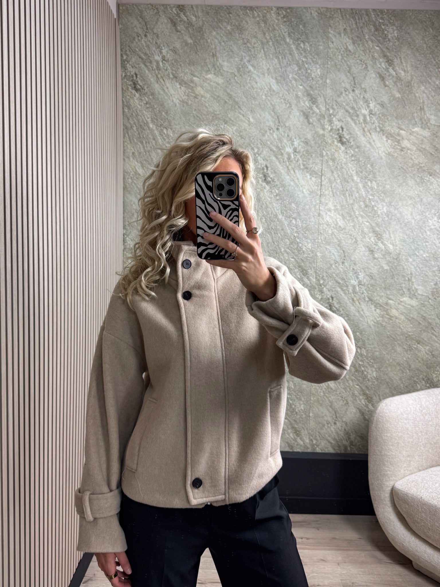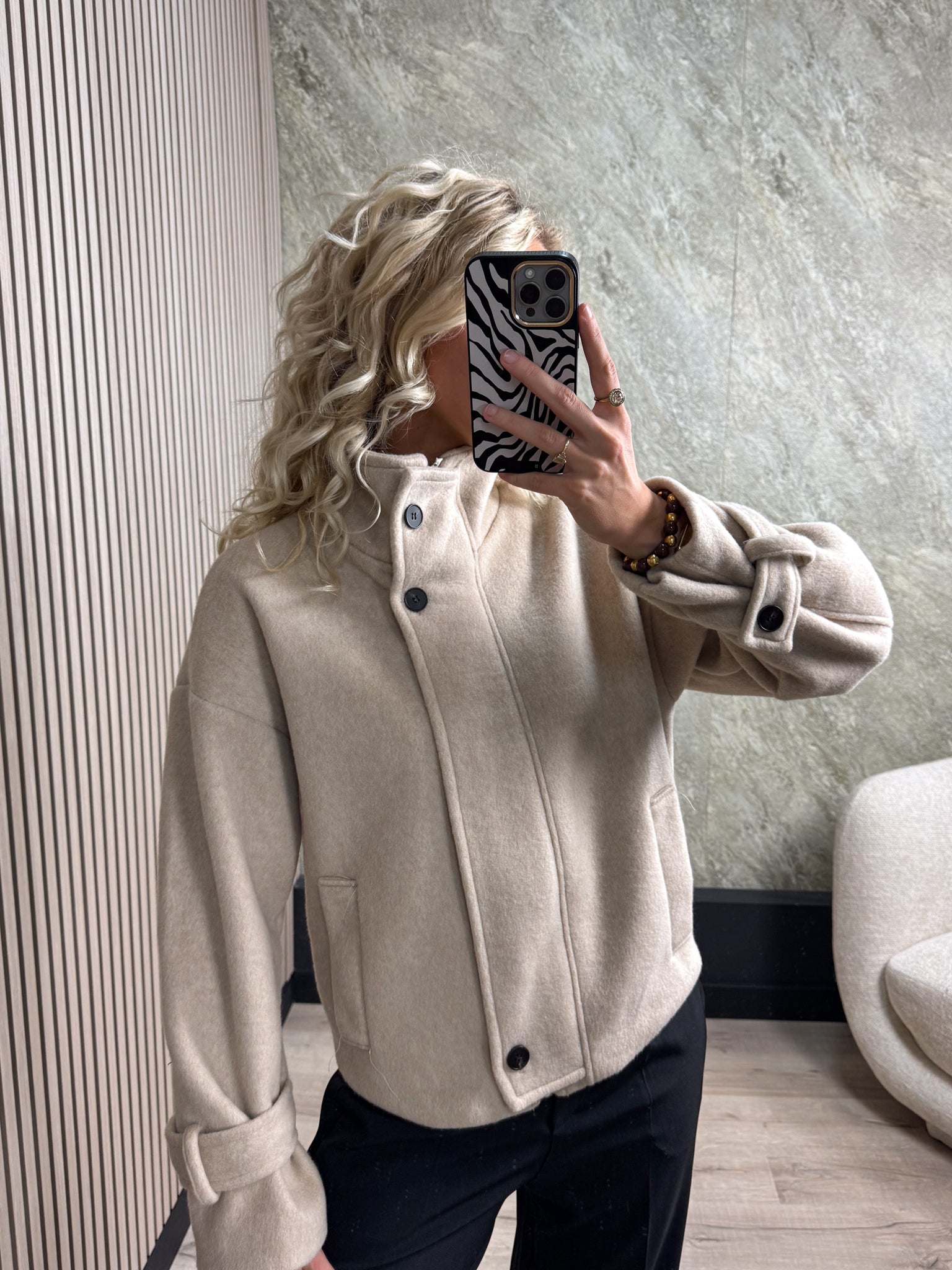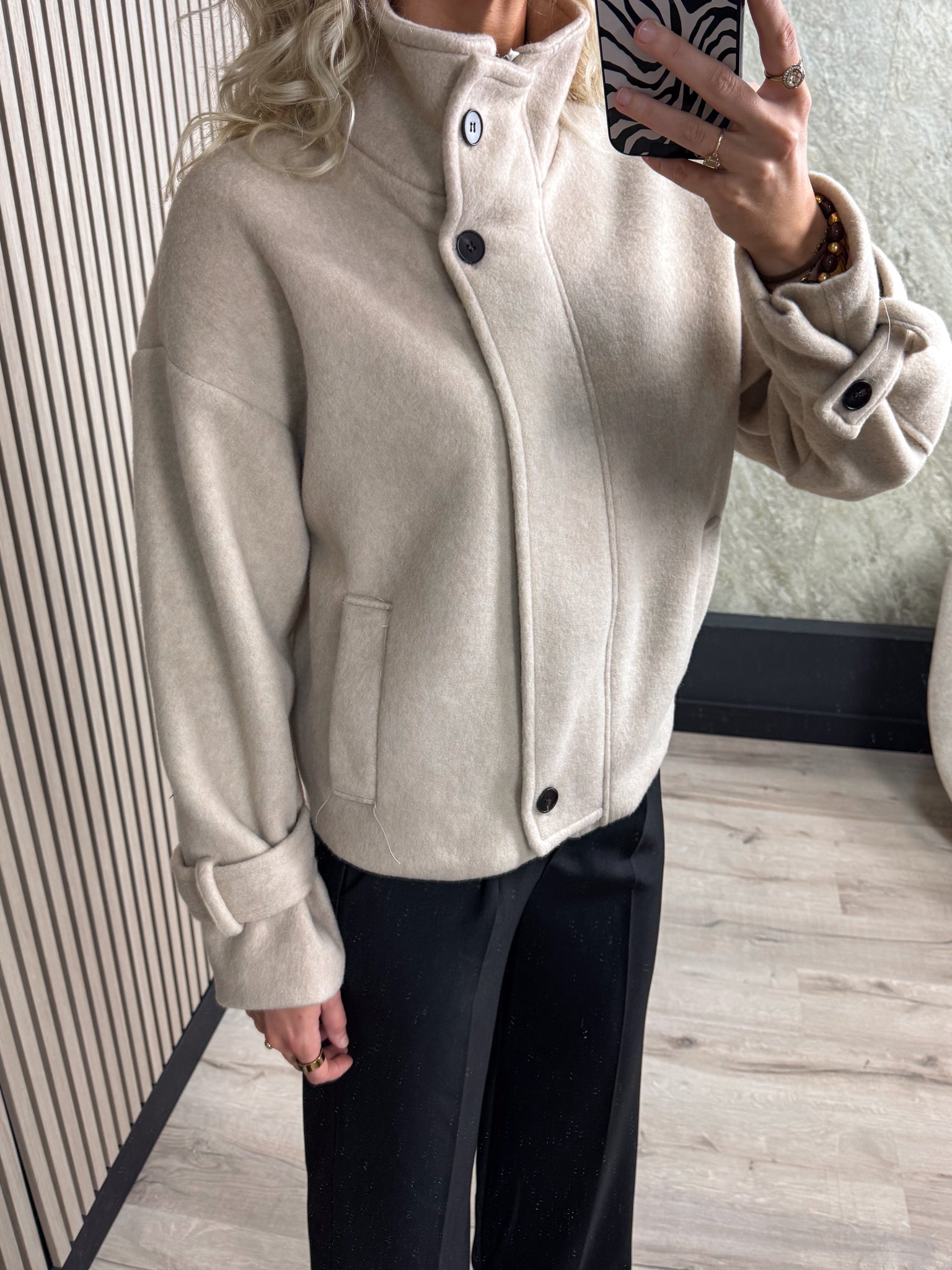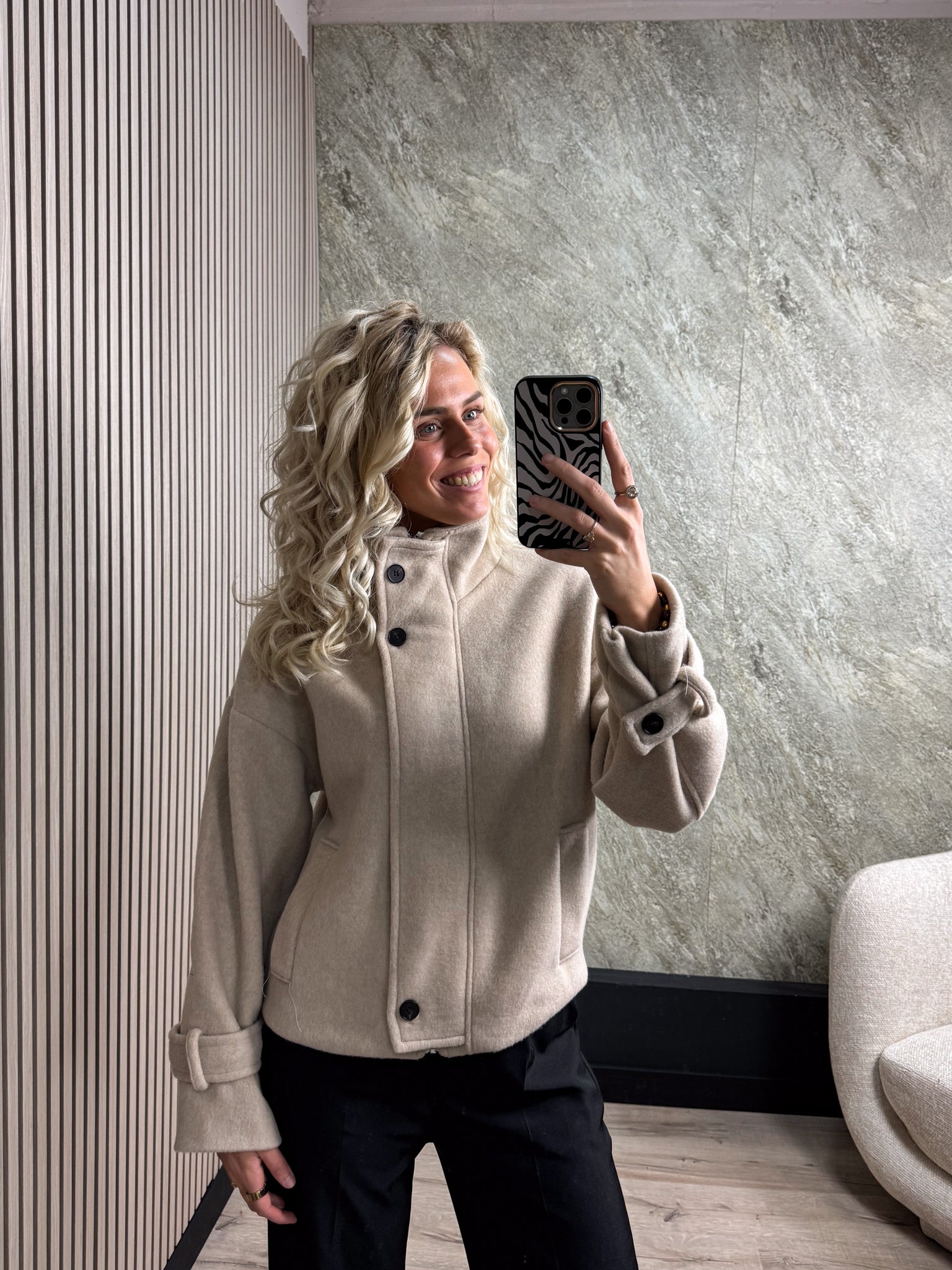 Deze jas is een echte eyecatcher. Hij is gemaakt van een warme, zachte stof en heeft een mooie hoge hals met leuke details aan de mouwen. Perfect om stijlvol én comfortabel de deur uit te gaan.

------------------------

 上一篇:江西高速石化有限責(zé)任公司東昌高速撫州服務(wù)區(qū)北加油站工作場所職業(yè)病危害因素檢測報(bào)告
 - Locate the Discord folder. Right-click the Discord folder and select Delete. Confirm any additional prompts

------------------------

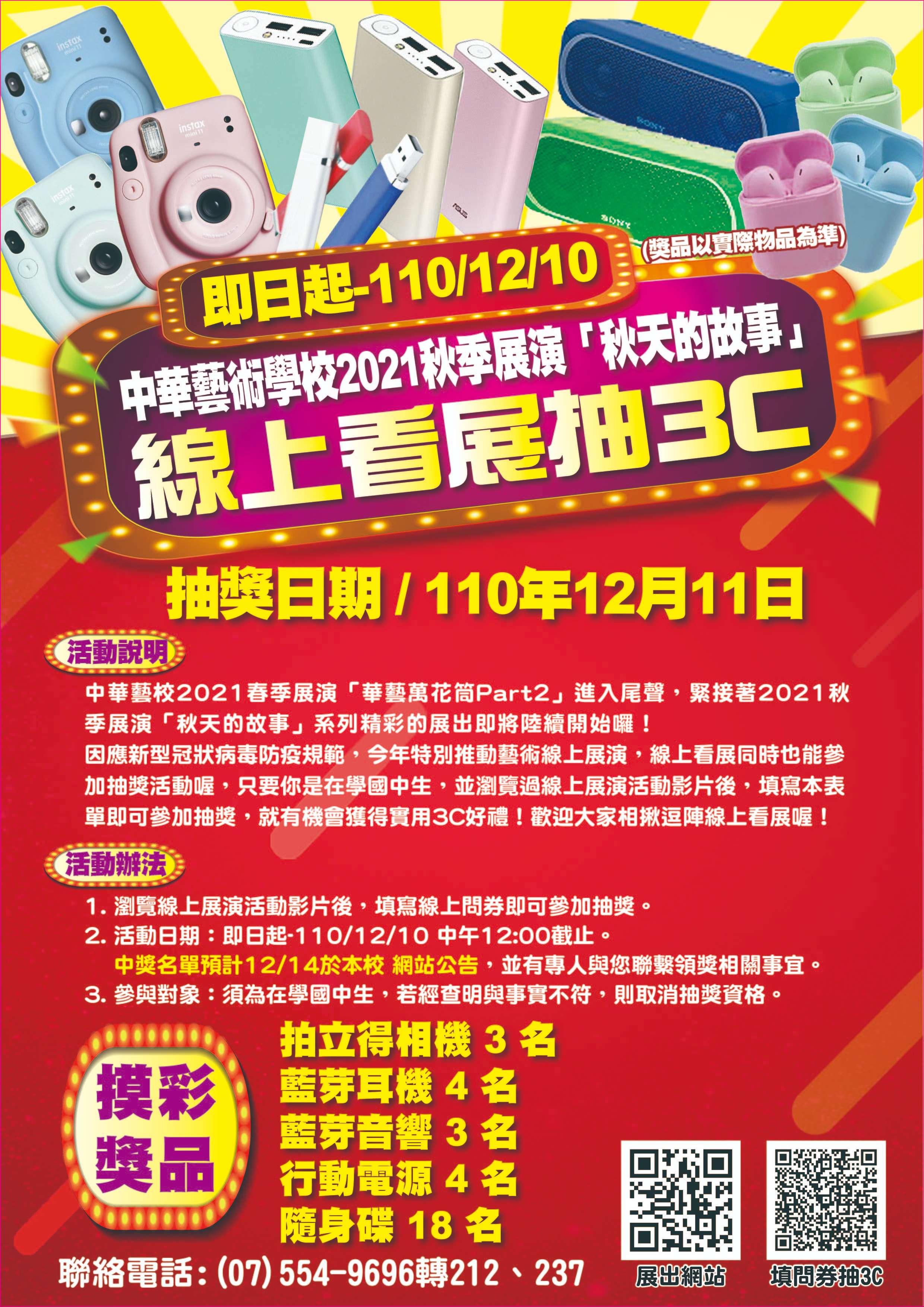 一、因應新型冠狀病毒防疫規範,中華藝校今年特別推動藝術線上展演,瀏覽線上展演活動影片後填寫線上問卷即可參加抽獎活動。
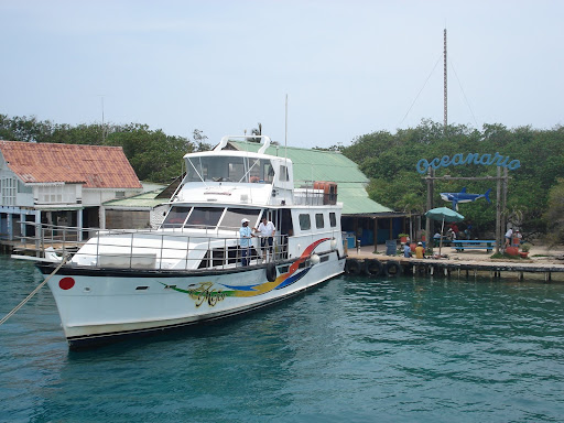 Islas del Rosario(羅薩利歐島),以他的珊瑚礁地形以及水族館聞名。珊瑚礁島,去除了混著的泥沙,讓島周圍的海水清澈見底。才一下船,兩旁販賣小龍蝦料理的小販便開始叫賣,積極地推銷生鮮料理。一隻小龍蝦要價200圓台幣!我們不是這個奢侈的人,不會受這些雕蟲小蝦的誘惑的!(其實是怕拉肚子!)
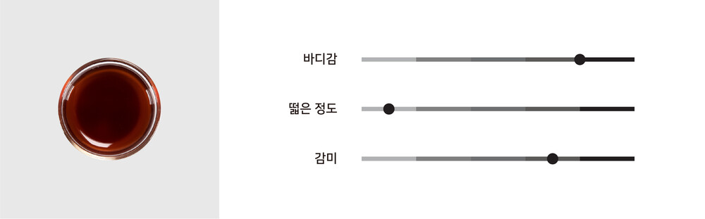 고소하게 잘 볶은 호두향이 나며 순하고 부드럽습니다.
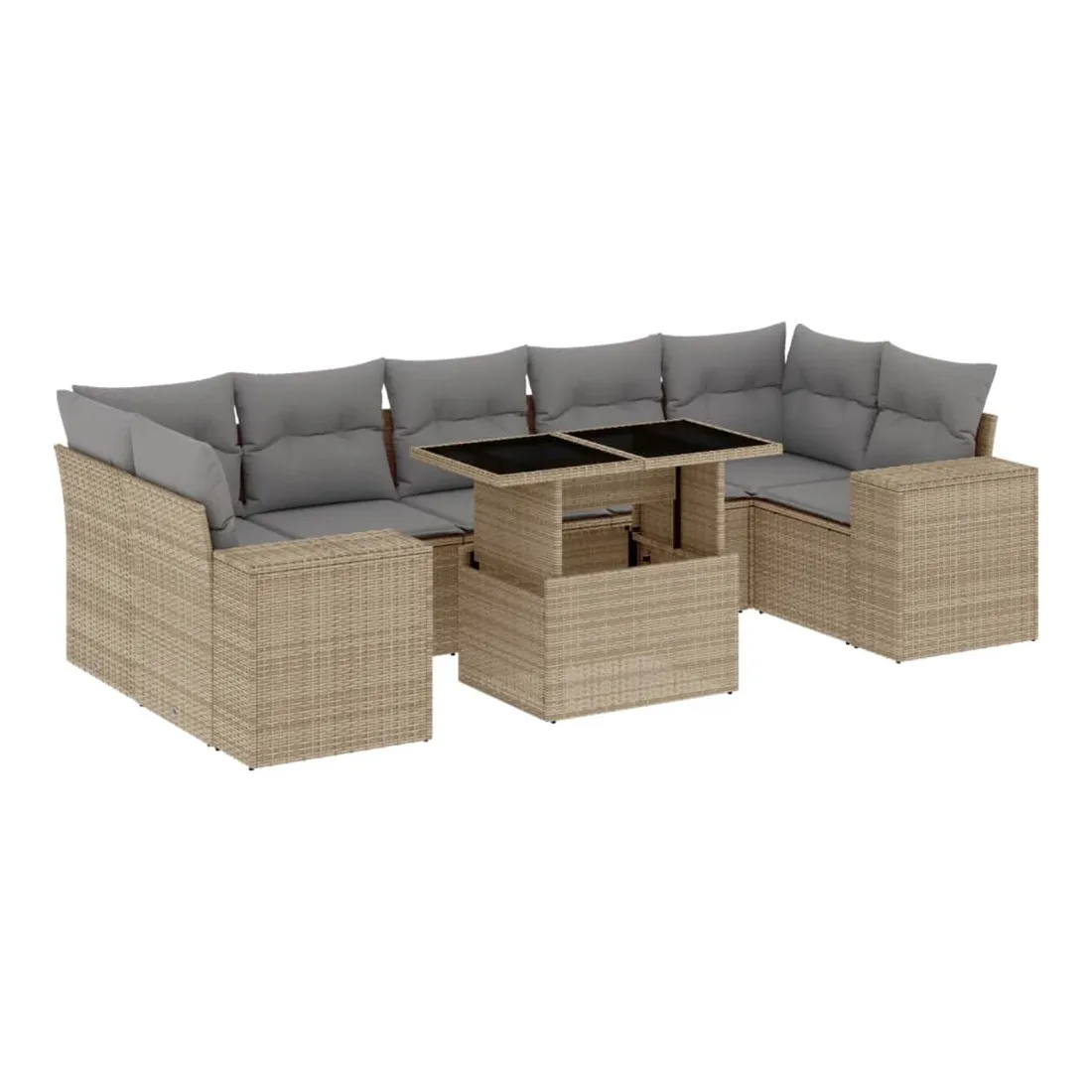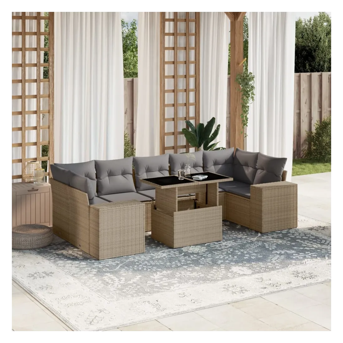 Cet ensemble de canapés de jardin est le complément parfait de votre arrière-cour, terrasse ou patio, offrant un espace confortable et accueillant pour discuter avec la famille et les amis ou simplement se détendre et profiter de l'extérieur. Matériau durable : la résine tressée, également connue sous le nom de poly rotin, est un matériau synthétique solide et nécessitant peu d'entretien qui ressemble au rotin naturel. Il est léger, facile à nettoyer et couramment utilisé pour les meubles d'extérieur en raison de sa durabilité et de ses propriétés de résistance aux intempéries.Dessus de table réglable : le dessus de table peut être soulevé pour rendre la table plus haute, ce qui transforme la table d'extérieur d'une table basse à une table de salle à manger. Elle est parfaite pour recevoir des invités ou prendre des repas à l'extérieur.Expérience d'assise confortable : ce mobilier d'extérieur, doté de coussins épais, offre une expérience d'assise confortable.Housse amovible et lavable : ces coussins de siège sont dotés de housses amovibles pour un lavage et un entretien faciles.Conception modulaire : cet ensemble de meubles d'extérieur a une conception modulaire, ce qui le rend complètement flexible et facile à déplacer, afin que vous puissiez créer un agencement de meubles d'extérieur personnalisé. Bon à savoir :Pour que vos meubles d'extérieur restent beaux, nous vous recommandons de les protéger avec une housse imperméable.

------------------------

Problem to work on:
From the records above, quote only the lines running from the line with "上一篇:江西高速石化有限責(zé)任公司" to the line with "- Locate the", both lines included.

Task response:
 上一篇:江西高速石化有限責(zé)任公司東昌高速撫州服務(wù)區(qū)北加油站工作場所職業(yè)病危害因素檢測報(bào)告
 - Locate the Discord folder. Right-click the Discord folder and select Delete. Confirm any additional prompts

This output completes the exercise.